Hot Fuzz (2007)

Rating: B

Dir: Edgar Wright
Star: Simon Pegg, Nick Frost, Jim Broadbent, Timothy Dalton

Supercop Nick Angel makes the rest of the Metropolitan force look bad, and is reassigned to Sandford, the safest village in the country. At first, everything looks so peaceful as to be utterly boring, and Angel’s gung-ho approach is ridiculed by his colleagues – except Danny (Frost), who has seen every action movie ever made. But a rash of mysterious, and in one case incredibly gory, deaths gives Nick something to investigate; what he turns up suggests there might be more going on in Sandford than meets the eye.

The chemistry on view here is impeccable, and the script perhaps a little subtler than Shaun. The satirical back-target here is the cloying nature of small-town, rural life, rather than the depersonalizing nature of big-city existence, yet the barbs hit with equal point, particularly the rampant xenophobia often found in such communities [Having grown-up in a town with a population under 10,000, I know exactly what authors Pegg and Wright mean]. However, the main victim is action movies and all their cliches: at one point, Danny asks Nick, “Is it true that there’s a point on a man’s head where if you shoot it, it will blow up?” And that’s during a presentation to a school. The film works best when it plays with these conventions, and the idyllic setting enhances their idiocy very nicely.
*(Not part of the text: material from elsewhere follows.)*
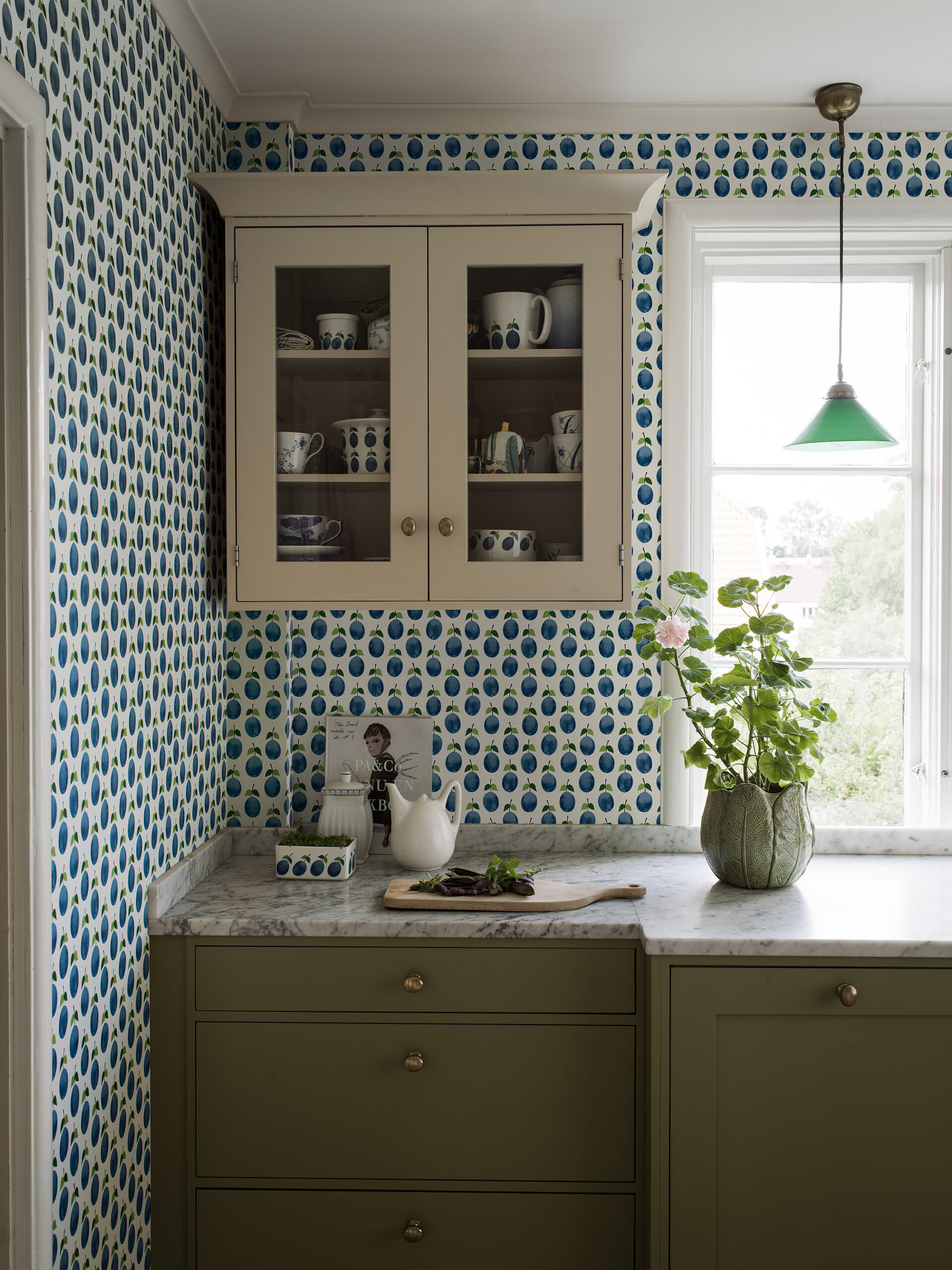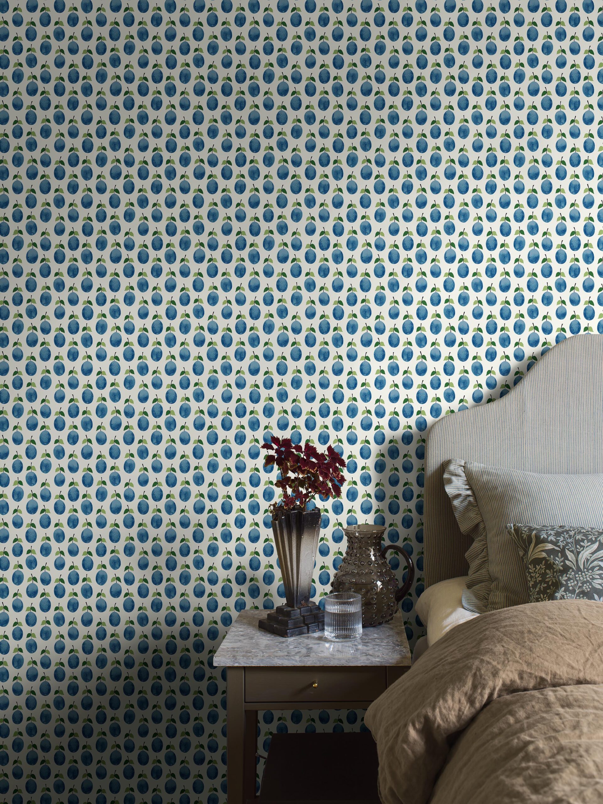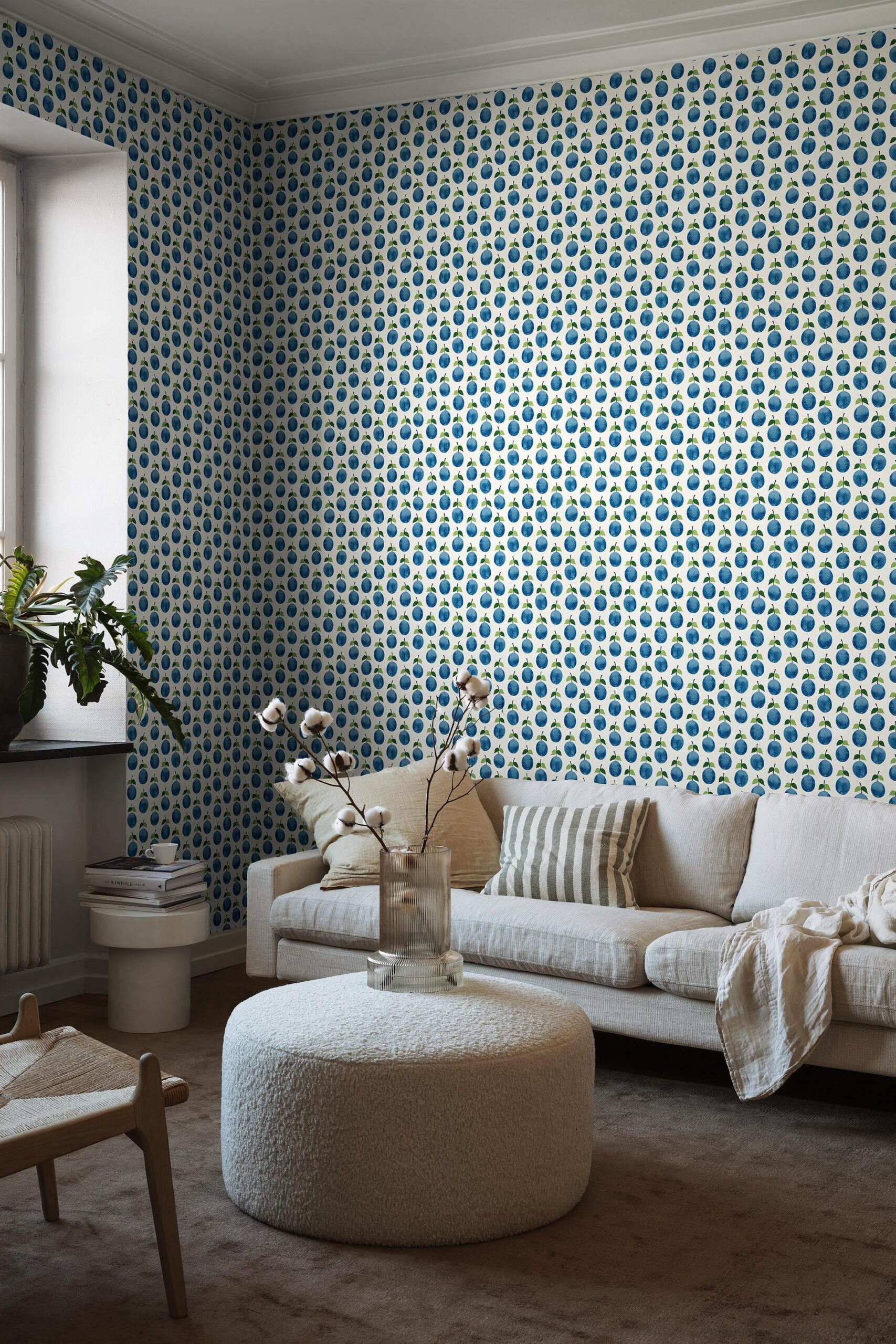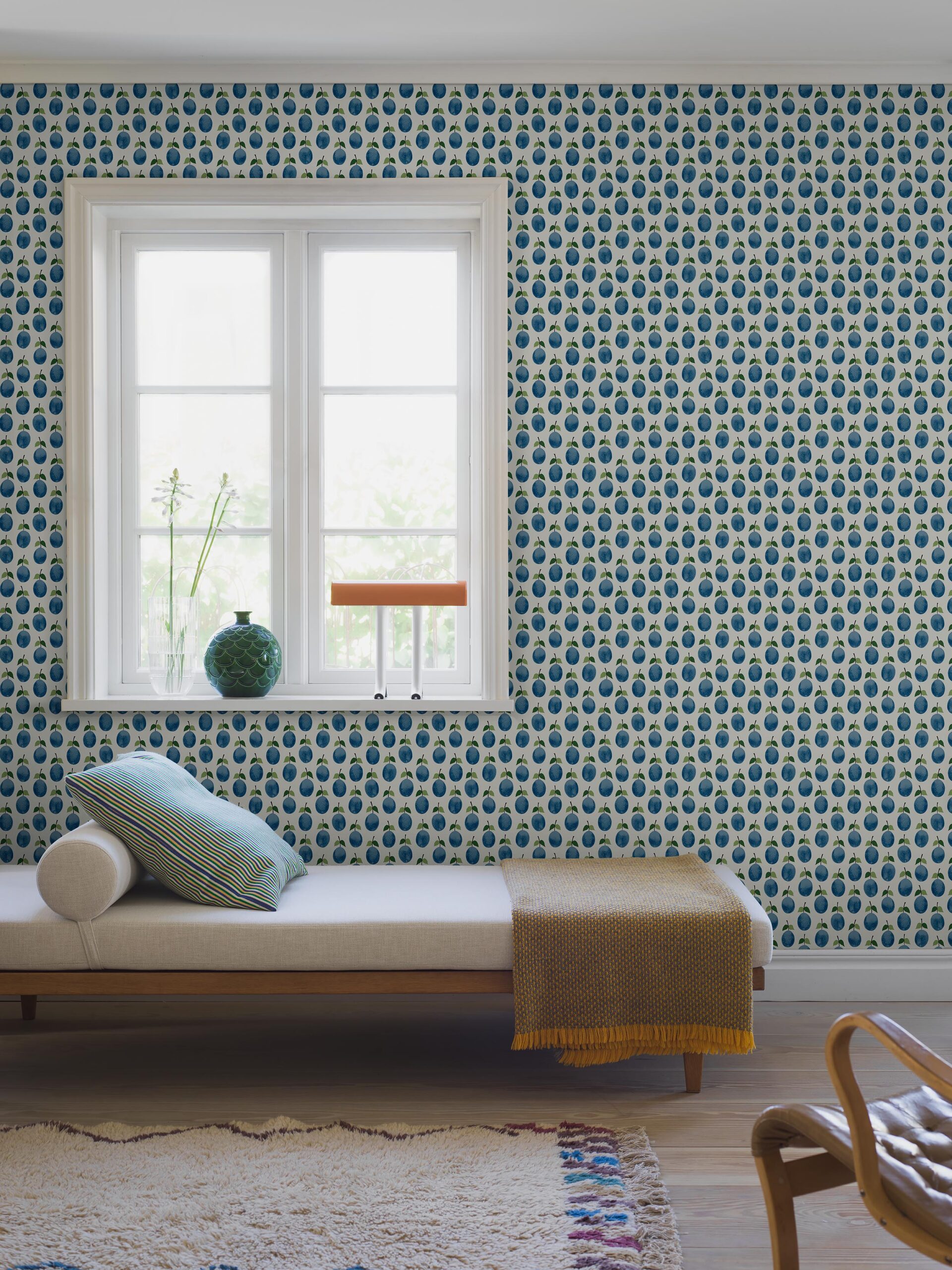 Konstnären Stig Lindbergs stiliserade plommonmönster Prunus finns på koppar och fat i många svenska hem. Mönstret skapades 1962 för anrika Gustavsbergs Porslinsfabrik, och nu kan du få Lindbergs plommon på väggen också. En grafisk designklassiker som i samarbete med Stigs son Lars Lindberg nu trycks som tapet. Här ser du Prunus med himmelsblå plommon och detaljer i grönt och brunt på vit botten. En härlig tapet för till exempel kök och matplats.

However, it’s not as good as Shaun, which worked both as a comedy and then, particularly in the much darker second-half, as a horror movie. They attempt the same thing here, but while the comedy still works, Wright doesn’t have a handle on the action – not really a surprise, since the awful Bad Boys II is held up as the pinnacle of that genre. The final 20 minutes turn into a repetition of all the cliches mercilessly mocked during the rest of the film. While that’s entirely intentional, they’re still cliches, lacking the inventiveness which elevated Shaun to such heights. Still damn good, undoubtedly – just a notch or two below this trio’s previous effort.